The only justification seems to be the risk of URL truncation, which is not a deficiency of the HTTP protocol itself, but of the points along the request path and the ingenuity of developers in structuring URLs and optimizing the systems they implement.

The HTTP QUERY proposal brings more problems than solutions to this world:

An article will be written and published recommending the solution given in this issue and the concerns regarding the HTTP QUERY proposal. All those possible problems will be detailed.

Thanks for your time.

martinthomson commented 1 month ago

FWIW, I disagree with this characterization in its entirety. Making the safe-ness of a request visible to intermediaries is justification enough to use QUERY over a POST, even if a POST could carry most of the same semantics if a resource were configured that way.

MikeBishop commented 1 month ago

@rafageist, I don't believe QUERY brings any of those things -- they already exist in the world. QUERY fills a gap between GET and POST for which GET-with-body and POST-but-actually-safe are currently being used as workarounds in various situations.

Your argument that everyone could just support infinitely long URIs for complex query params is true, but doesn't make the definition of this method less useful. They could have done that anyway -- instead, they've used POST, because sending structured bodies is useful.

Might I suggest that since you disagree with the premise of this work, the proper venue is the mailing list rather than an issue on the document?

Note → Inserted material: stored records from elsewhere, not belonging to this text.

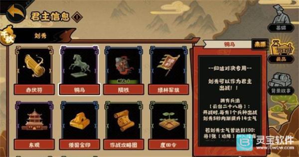 接下来是紫色收藏品——铜马,专门用于归墟对决,刘秀可以作为君主参与战斗。这个就不多说了,等大家实际操作后,自然会有体会。
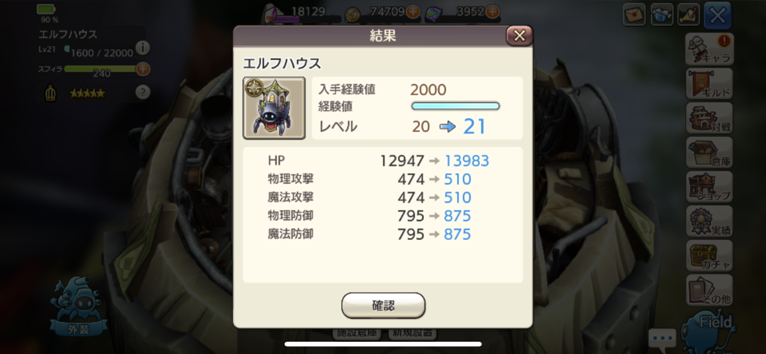 元々、ビーストテイム意欲が低いので急いでいた訳ではないんですが、クリスタル溜まった→使わないと勿体ない!→施設強化
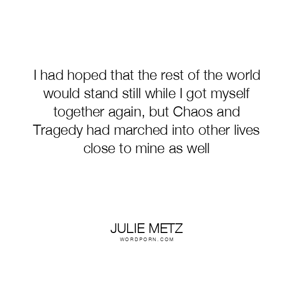 I had hoped that the rest of the world would stand still while I got myself together again, but Chaos and Tragedy had marched into other lives close to mine as well
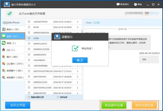 3.等待軟件掃描結束,在左側的呈現的圖片、通訊錄、短信、微信等信息,請選擇本次要恢復的“短信”,切換到短信恢復界面。勾選要恢復的手機短信,點擊“導出選中記錄”可恢復指定短信;點擊“導出全部記錄”可恢復蘋果手機全部短信。
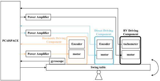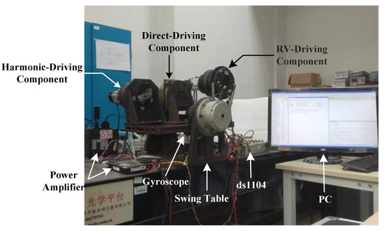 In order to verify the effectiveness of the control algorithm, an experimental setup comprised of a ds1104 [17], a power supply equipment, a swing table, a gyroscope, and three transmission components is built, as shown in Figure 4 and Figure 5. The swing table is controlled by the ds1104 to simulate the flight of aircraft. Meanwhile, the transmission components (i.e., a direct-driving component, a harmonic-driving component, and a RV-driving component) and the gyro are mounted on this swing table. Each component consists of a motor, an encoder or a tachometer, and a reducer. The main attributes of these components are listed in Table 1. Meanwhile, both the system and controller parameters of the components are listed in Table 2.
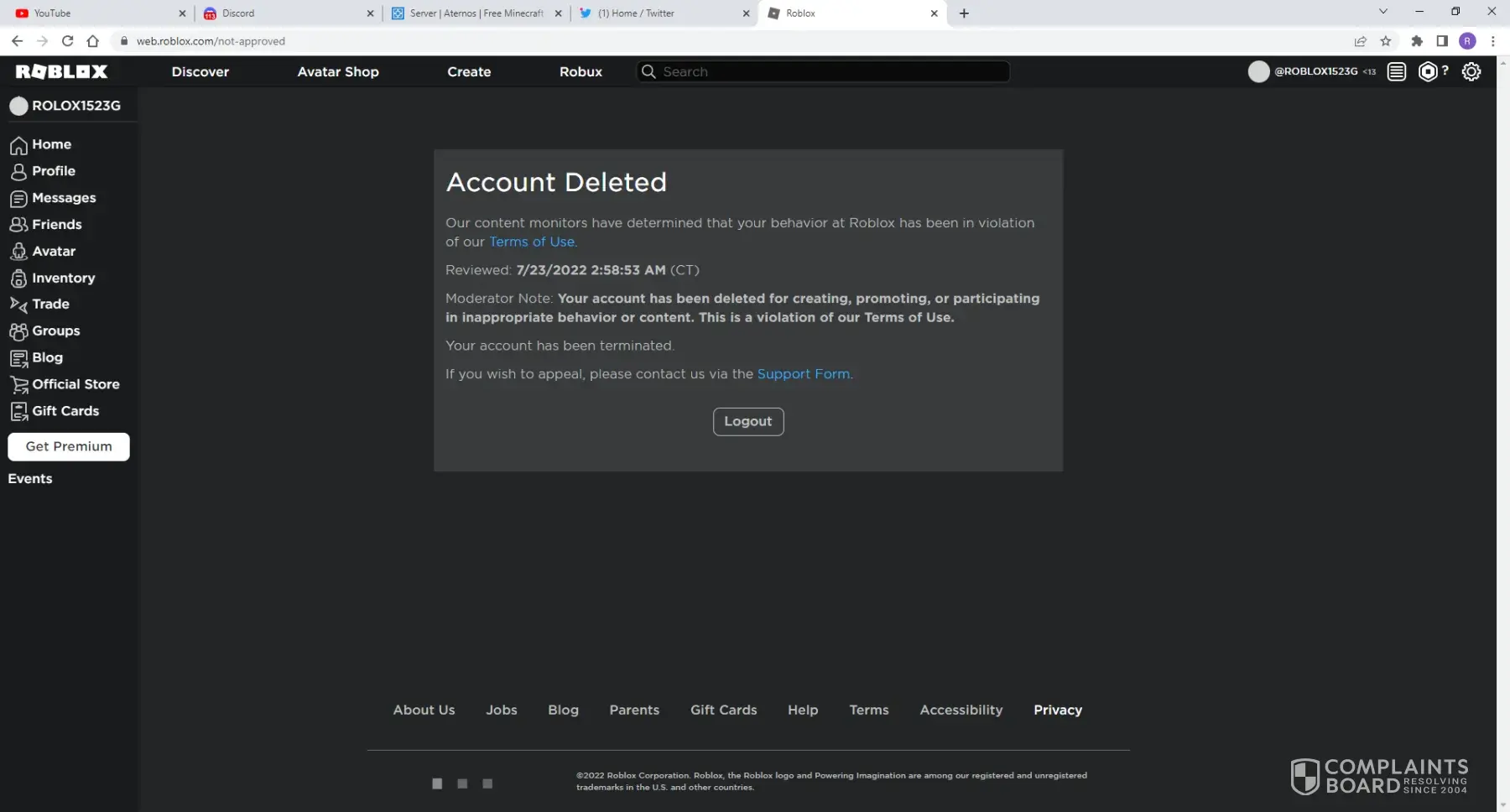 Desired outcome: I would love a apology from Roblox and I expect to not get banned again for something I don't remember doing and I hope to never have to complain again.

You're essentially arguing that the working group should un-adopt the current draft and perhaps adopt an alternative that is not yet published.

rafageist commented 1 month ago

Thanks for your feedback.

While structured bodies can be useful, I believe the current issue can still be addressed by using existing methods like POST & GET combined with multiple requests if needed. We've seen 'gaps' between methods like PUT and PATCH, or HEAD and GET, and rather than creating new methods, we combine or layer requests as necessary. Solving everything in a single request isn’t always essential, especially if a combination of methods can achieve the same outcome more effectively.

For example, GraphQL uses POST for everything because it needs to send the query in the body, but that doesn't mean that the whole body needs to be sent multiple times. Maybe you're only interested in changing small parts.

image

GraphQL could use the HTTP protocol well, sending a POST with a query-template first (or every time you need to change the template) to prepare future requests and then use GET for subsequent responses. It occurs to me that templates can be reused between different clients.

image

This approach takes advantage of the flexibility of multiple requests instead of relying on a single new method like QUERY. The focus of this issue is to break the pattern of wanting to solve the above in a single request.

And this is just one of the solutions I can think of, there may be more that ARE NOT a GET with a body or a secure POST. But quite the opposite, a GET and a POST working together and respecting HTTP.

In a general sense, I have thought of a proposal that says there is no solution for the problem it aims to solve, when in fact it can be solved respecting HTTP.

If what is desired is to solve it in a single request with the existing methods, then maybe that is not possible right now. But the fact that it cannot be solved now in a single request does not mean that your architecture is correct, and the protocol is incomplete.

It is possible that if it cannot be solved that way, then something is wrong with your architecture. And that is the central point of this issue.